Investigators at Cedars-Sinai have comprehensively mapped molecular activity in the brain and spinal cord that is responsible for regulating the body's response to central nervous system (CNS) disorders such as Alzheimer’s, Huntington's disease and spinal cord injuries. 

The research focused on cellular changes in astrocytes, a specialized support cell type in the brain and spinal cord. These cellular changes, known collectively as “reactivity,” play a critical role in regulating outcomes for central nervous system disorders.

This is the first time a team of scientists has provided evidence demonstrating that astrocytes use specialized collections of molecules called transcriptional regulators to shape disorder-specific changes in their molecular profiles. 

The discovery, detailed in the peer-reviewed journal Nature, can help lead to the development of a broad range of new therapies that target specific astrocyte activity to help treat a variety of central nervous system conditions, including multiple sclerosis and stroke.

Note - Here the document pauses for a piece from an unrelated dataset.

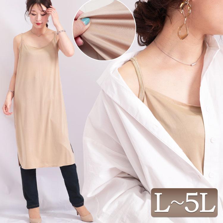 インナー レディース サテン風 インナー キャミソール ワンピース gina 透け防止 下着 肌着 キャミワンピ キャミソール 春 夏 秋 冬 ミディアム丈
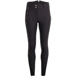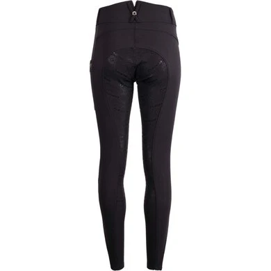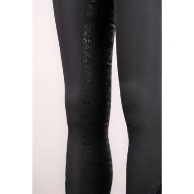 De strakke en eenvoudige look van deze rijbroek krijgt een sportieve twist met een Montar-logoband langs het rechterbeen. Aurora Yati highwaist rijbroek heeft twee knopen en is voorzien van een grafisch siliconen patroon. De elastische Yati-stof heeft veel eigenschappen, zoals 360 graden flexibiliteit en duurzame elasticiteit. Yati voert zweet af voor sneldrogend comfort. De rijbroek heeft één dijbeenzak, perfect voor je smartphone.

“There is a growing interest in targeting astrocyte reactivity as treatment strategies for CNS disorders,” said Joshua Burda, PhD, lead and co-corresponding author of the study, and assistant professor in the Department of Biomedical Sciences and the Department of Neurology. “Understanding how different kinds of astrocyte responses are coordinated and the consequences of manipulating those responses not only will help us better understand diseases of the central nervous system but can provide crucial insights that enable the development of better therapies for these conditions.”

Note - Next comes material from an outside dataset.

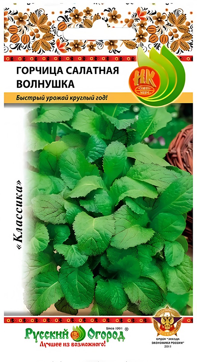 Полезная, ароматная приправа с высокими вкусовыми качествами добавит пикантность и небольшую остроту приготовленному блюду. Свежая зелень горчицы приятного горчичного вкуса, содержит много витаминов и минералов. Растение однолетнее, неприхотливое в уходе. Холодостойкое. Сорт скороспелый (период от всходов до готовности зелени 25-30 дней) Розетка листьев крупная, прямостоячая, слегка раскидистая. Используют в качестве гарниров к мясным блюдам, для приготовления бутербродов, салатов. Сорт предназначен для выращивания в открытом и защищенном грунте. Хорошо растет на любых почвах, требователен к влаге (при ее недостатке листья становятся грубыми, вкус ухудшается). К уборке приступают, когда растения достигнут высоты 5-7 см. Горчицу срезают ножницами или выдергивают с корнями. Высевают рядовым способом на расстоянии 10-15 см (глубина заделки семян до 1 см), в фазе 2-3-х листьев прореживают, оставляя между растениями 6-8 см.

Astrocyte reactivity is a hallmark of virtually all nervous system injuries and diseases. Yet, there is still little understanding of what astrocyte reactivity is, what causes it, how it differs across disorders, and how these differences are regulated.

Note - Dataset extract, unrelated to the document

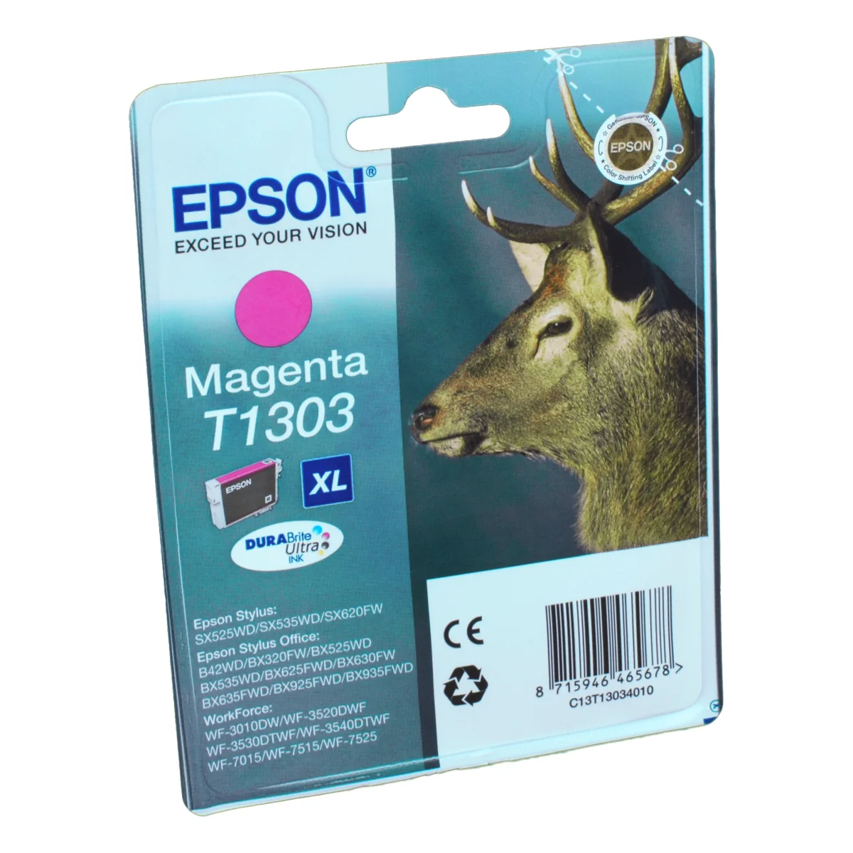 Epson Stag Singlepack Magenta T1303 DURABrite Ultra Ink. Typ: Original, Tintentyp: Tinte auf Pigmentbasis, Druckfarben: Magenta. Verpackungsbreite: 145 mm, Verpackungstiefe: 32 mm, Verpackungshöhe: 102 mm. Palettenbreite: 80 cm, Palettenlänge: 120 cm, Palettenhöhe: 60 cmNiedrigere Druckkosten dank XL-Tintenpatronen

The term “reactivity” describes a remarkable diversity of astrocyte cellular transformations that each involve changes in gene expression. To find out more about the mechanisms controlling these astrocyte gene expression changes, Burda and his team first developed a bioinformatic tool to identify "astrocyte reactivity transcriptional regulators"—specialized molecules that determine the expression of genes—in various neurological injuries or diseases. 

The method relies on the consensus of multiple types of data, including computational and biological experimental data, which all have to align to positively identify these specialized molecules. 

Next, the investigators used genetic analyses to validate reactivity transcriptional regulators as the major determinant of CNS disorder progression and outcomes.

Together, the results of these studies demonstrated that control of reactivity gene expression changes is highly complex. The team of scientists also showed for the first time how a relatively restricted pool of transcriptional regulators can interact to coordinate the altered expression of hundreds or even thousands of reactivity genes in astrocytes.

“With this broad dataset, we can now begin to probe and link these modular astrocyte gene regulatory pathways to specific aspects and states of reactivity associated with numerous common neurological disorders,” Burda said. “Ultimately, we would like to use this information to therapeutically enhance adaptive responses, while diminishing maladaptive aspects of astrocyte reactivity. I am also hopeful that our findings will spark an important shift in how people think about and study astrocyte reactivity.” 

The study’s other co-corresponding author is Michael Sofroniew, MD, PhD, distinguished professor in the Department of Neurobiology at UCLA. Other authors from Cedars-Sinai include Burda Lab team members Keshav Suresh, a PhD candidate in the Cedars-Sinai Biomedical Sciences Program, and Sarah McCallum, PhD, a postdoctoral fellow. 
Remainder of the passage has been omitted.